Used to its full potential, telehealth can also improve in-person patient care. Anecdotally, the Clinic’s telehealth patients report a better experience of care overall, especially when they need a second opinion or a transition to in-person care. One reason is that Clinic providers perform a lot of behind-the-scenes tasks, such as collecting health records, which most providers leave with the patient. As a result, health record transfers occur in seconds rather than the days or weeks that patients may take to get these records and get them to their appointments.

RELATED: HHS: Telehealth Use In Medicare Increased 63-fold Last Year, Behavioral Health Increasing The Most

N ° 4: Excellence in telehealth offers a competitive advantage

An important concept exemplified by The Clinic’s approach is that telehealth is a vehicle, not a destination, for better health care. It is less about using virtual care to provide convenience and more about using technology to provide timely, appropriate, high-quality medical expertise to meet the medical needs of a given patient.

Telehealth per se is no longer a unique benefit. Rather, an organization’s ability to match members seeking virtual care with experts in their specific health condition will be a critical competitive differentiator. By providing virtual access to the best specialists and care available, insurers can attract more corporate clients and employers can attract higher caliber employees.

It’s time to take a next-level approach to telehealth

Since providers scaled up virtual care offerings to replace the loss of in-person visits during the first few months of the pandemic, consumers and providers have come to appreciate the value of virtual care. Now, members and employees expect it as part of their benefits. In a 2020 physician-consumer telehealth survey, 79% of consumers said they would see their primary care physician virtually, and 92% of providers said they plan to integrate telehealth into their post-COVID care .
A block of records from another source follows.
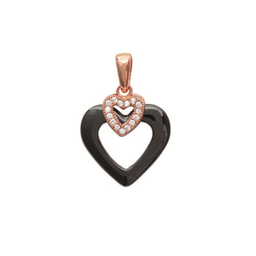 Pendentif en plaqué or rose, oxyde de zirconium et céramique. Coeur  Adulte Amour Femme Indémodable
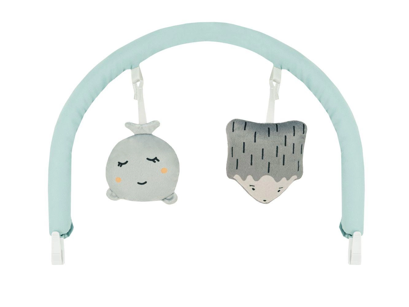 Del kompleta je odstranljiv lok z dvema igračama, ki podpirata razvoj čutov in koordinacije gibov. Prevleko je mogoče zlahka snemiti in oprati, zato je ležalnik vedno higiensko čist. Zahvaljujoč lahki in kompaktni zasnovi ga zlahka prenašate po stanovanju.
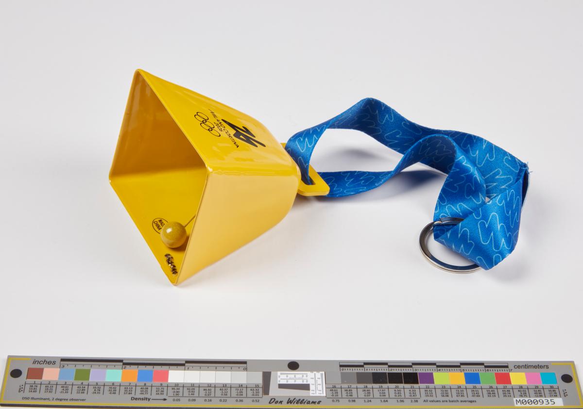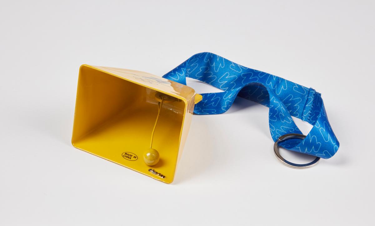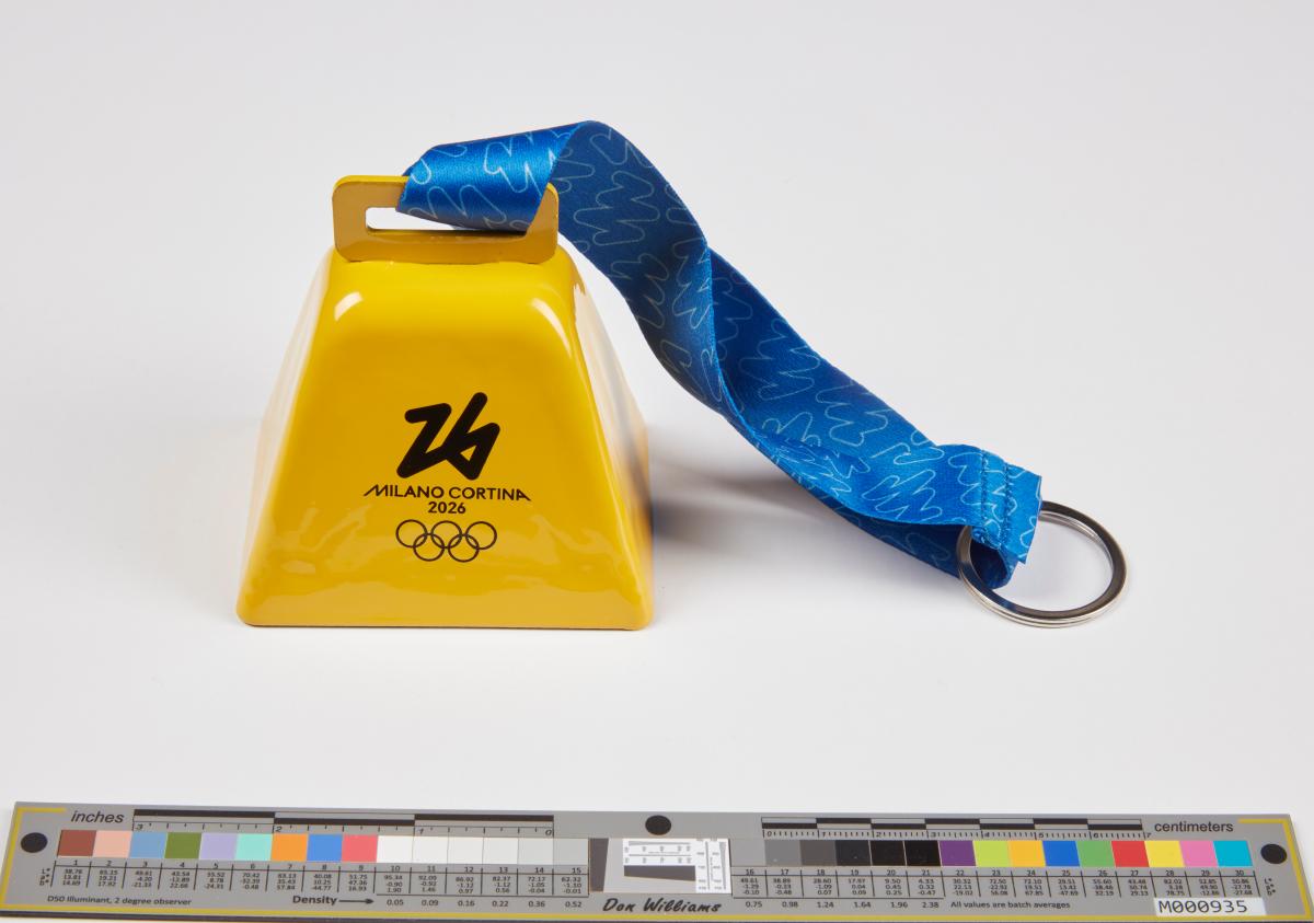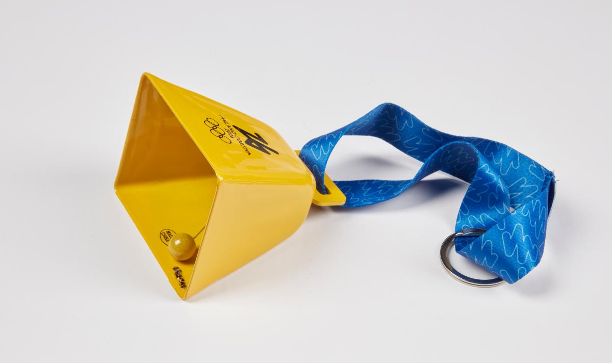 Clochette jaune avec l'emblème des Jeux de Milano Cortina 2026. Produit licencié.

The Clinic’s experience teaches key stakeholders in the healthcare industry that virtual care is not here to stay. It is critical to the success of every healthcare plan, provider and employer in 2022 and beyond.

Peter Rasmussen, MD, is Clinical Director, The Clinic by Cleveland Clinic, and Professor of Neurosurgery, Department of Neurosurgery, Cleveland Clinic and Cleveland Clinic Lerner College of Medicine, Case Western Reserve University.